NH Drug Overdose Deaths Soar

Record-breaking 14 people died of heroin overdoses in the month of February in the city of Manchester, NH

The heroin epidemic in Manchester claimed more lives in the month of February than ever recorded in the city before.

"I feel like I am running out of people that this disease can take," said Manchester resident Justin Bachert. "We just went to a few wakes this month and it will be one month coming up this week."

A record breaking 14 people in the city died from a heroin overdose last month alone.

Bachert, a recovering addict, knew almost half of them.

"It could have easily been me," he said.

The former high school athlete and Eagle Scout became addicted to heroin half way into his first year of college.

What happened next was a blur of blue lights, syringes, and jail cells.

"I don't even know where the last five years went, I've spent every summer incarcerated," Bachert said.

His story is one that Manchester Firefighter Chris Hickey hears all too often.

Hickey says last February there were five overdose deaths.

That number has nearly tripled. Hickey suspects a more deadly drug called Fentanyl is being mixed and marketed as heroin.

"It's going to be 50 times as powerful and they're not going to know what hit them until it's too late," Hickey said.

He showed us his bag of the life-saving overdose reversing drug Narcan.

"There isn't a single guy out of ten stations and 240 firefighters that haven't administered Narcan," he said.

The epidemic has become so bad, Hickey spends some of each work day cleaning up drug paraphernalia in city parks.
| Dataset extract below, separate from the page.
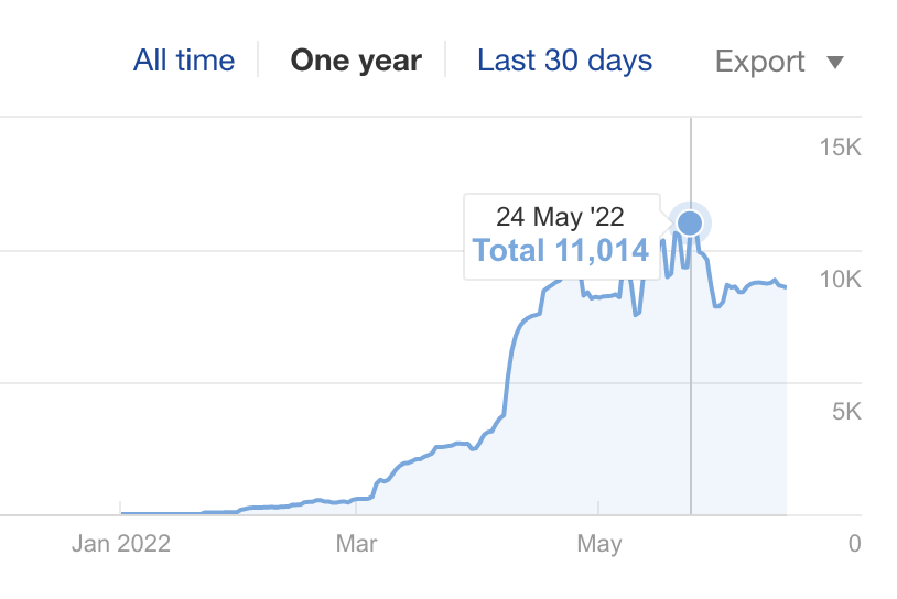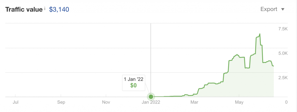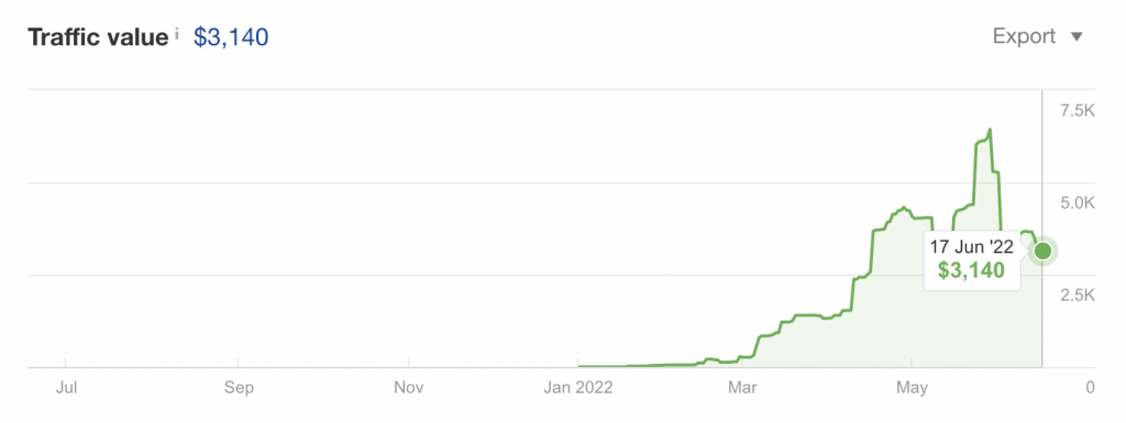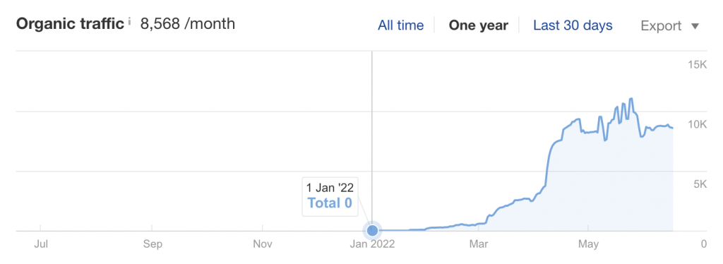 According to Ahrefs, the organic search traffic went all the way up to 11,000+ at one point this month.

"See here's a cap," he said while picking up a small orange object Tuesday. "I never thought in a million years this is what I'd be doing."
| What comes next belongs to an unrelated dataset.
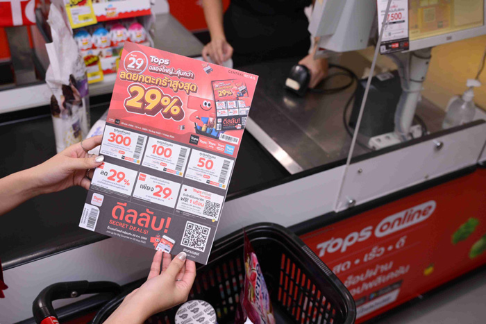 · เพียงช้อปครบทุก 600 บาท ที่ท็อปส์ ฟู้ด ฮอลล์, ท็อปส์, ท็อปส์ ออนไลน์, ท็อปส์แคร์ (TOPS CARE), เพ็ทแอนด์มี (PET N’ME) หรือ ช้อปครบทุก 100 บาท ที่ท็อปส์ เดลี่ รับทันทีสมุดคูปองส่วนลด 1 ใบ ที่มอบส่วนลด ทั้งตะกร้าสูงสุด 29% จากแบรนด์พันธมิตรชั้นนำกว่า 119 แบรนด์ เสริมส่วนลดเพิ่มเติม ด้วยคูปองส่วนลด On-Top ทั้งตะกร้า รวมมูลค่าสูงสุด 450 บาท โดยสามารถรับคูปองฉลอง 29 ปี ได้ที่จุดบริการทุกสาขา

Hickey cleaned up the park just in time for Lindsay Perkins to bring her daughter and niece to the swings.

"It's scary to know my kid could come here, and know my kid could fall on the ground and be poked with a needle just by going to a park," Perkins said. "It's sad."

As for Bachert, he's five months clean and trying to reach those still still battling addiction before he loses another friend.

"More people will die next month, more than the 14 we have now, and you're number is going to get pulled sooner or later if you keep using this drug," he said.

Bachert is decorating his new apartment, rebuilding a relationship with his five-year-old son, and working to get his license. He also plans to go back to college someday.